▶ [What needs to be done]: Your copy should contain exactly the lines from the one that holds "Round Wall Decor" through the end of the material, reproduced as written, with no pictures.

Supplied data below:

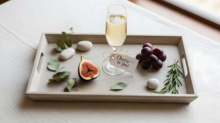 A wooden serving tray holds a glass of champagne, a fresh fig, a bunch of red grapes, and a gift tag that reads 'Cheers to You!'. The arrangement suggests a celebratory welcome amenity or a relaxing treat in a hotel or home setting.
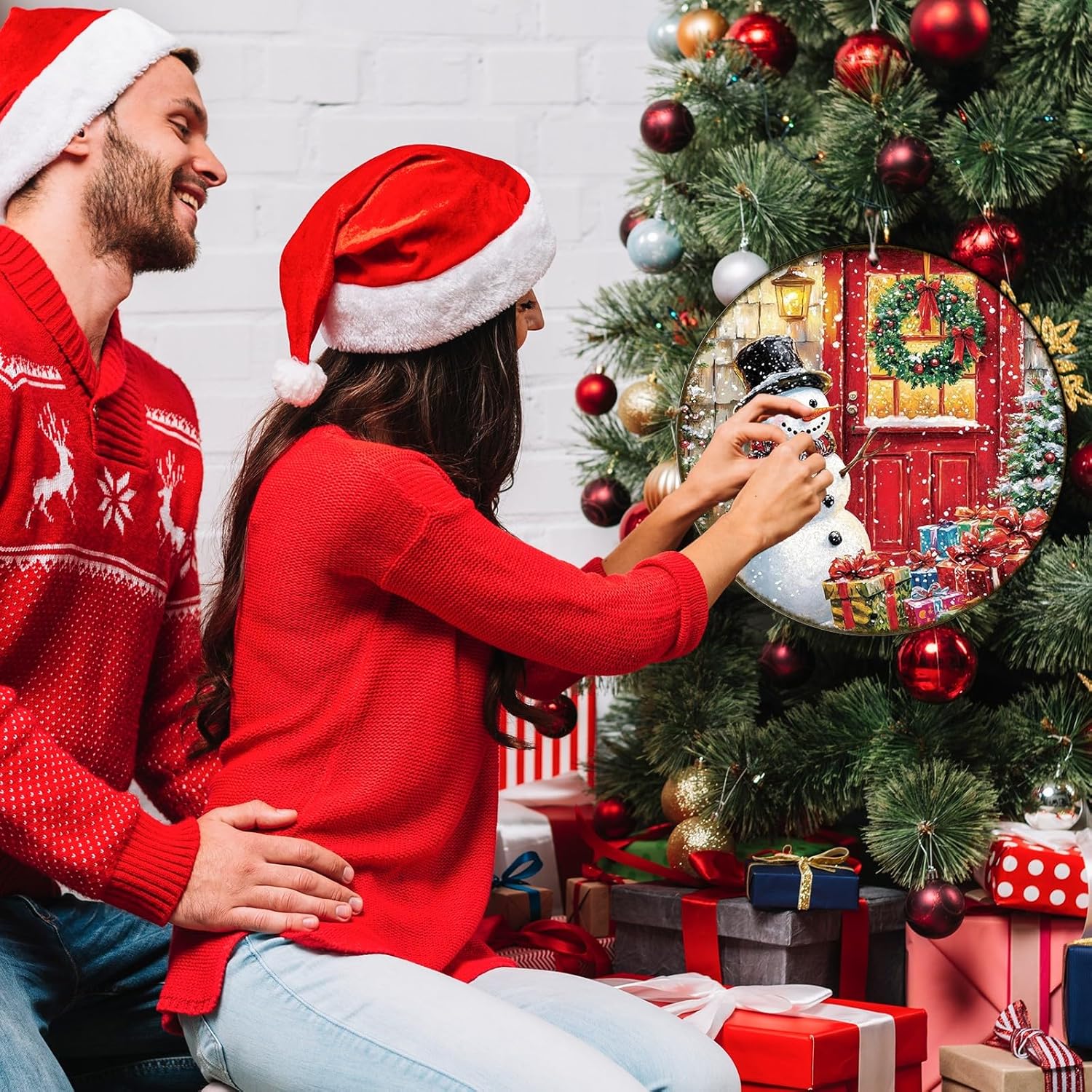 Round Wall Decor Christmas Metal Tin Sign Snowman Sign Rustic Wall Decor Wall Plaque Snowman Wreath Sign for Christmas Round Wreath Wall Decor Vintage Garage Yard Home Decor 12 * 12 in
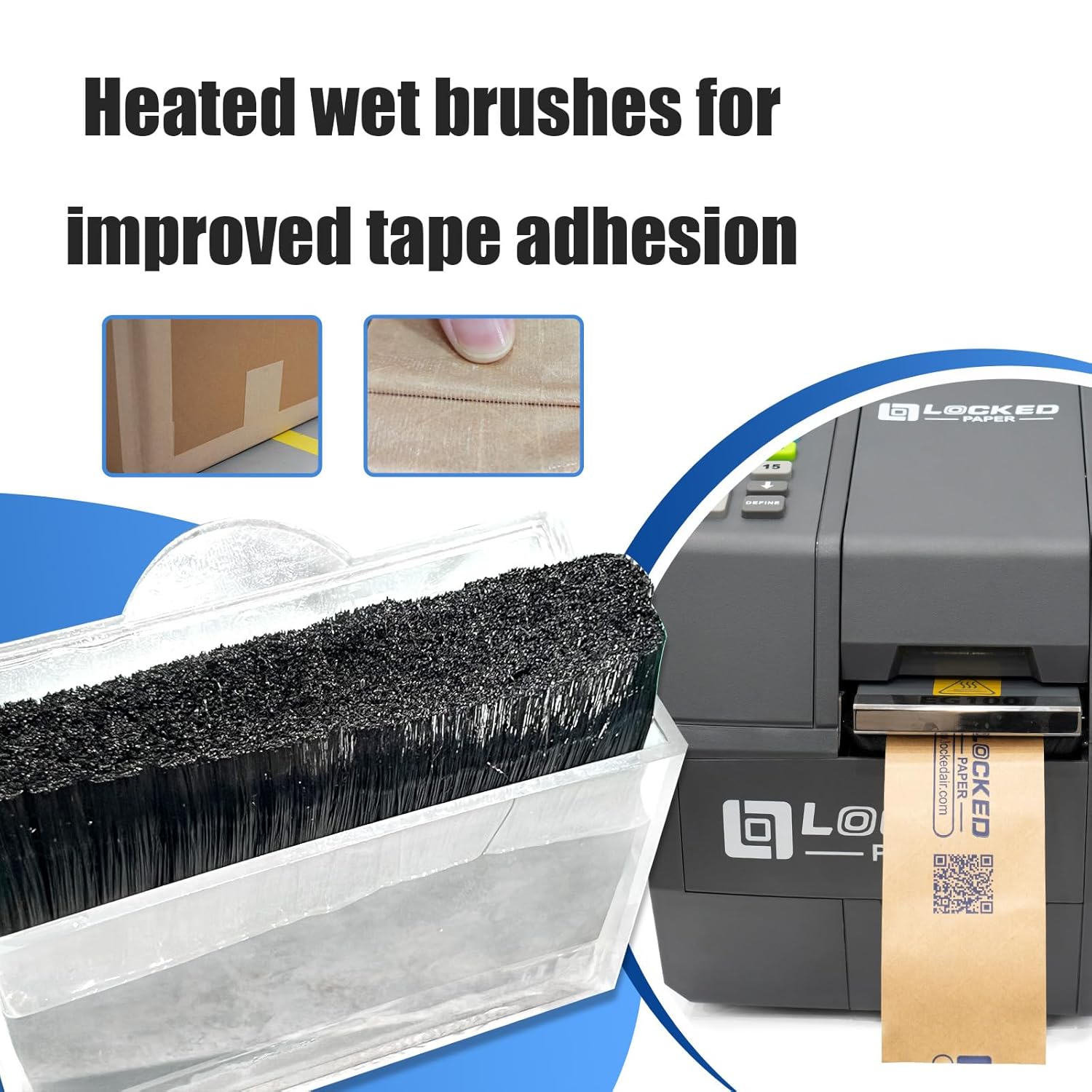 • Superb Adhesion and Tackiness: The water tape dispenser uses a unique brush with heatable bristles to evenly apply water to moisten the tape, and an intelligent temperature control chip that enables a stronger seal for warehouse storage and shipping box packages

End of Supplied data.

▶ [Response to the exercise]:
 Round Wall Decor Christmas Metal Tin Sign Snowman Sign Rustic Wall Decor Wall Plaque Snowman Wreath Sign for Christmas Round Wreath Wall Decor Vintage Garage Yard Home Decor 12 * 12 in
 • Superb Adhesion and Tackiness: The water tape dispenser uses a unique brush with heatable bristles to evenly apply water to moisten the tape, and an intelligent temperature control chip that enables a stronger seal for warehouse storage and shipping box packages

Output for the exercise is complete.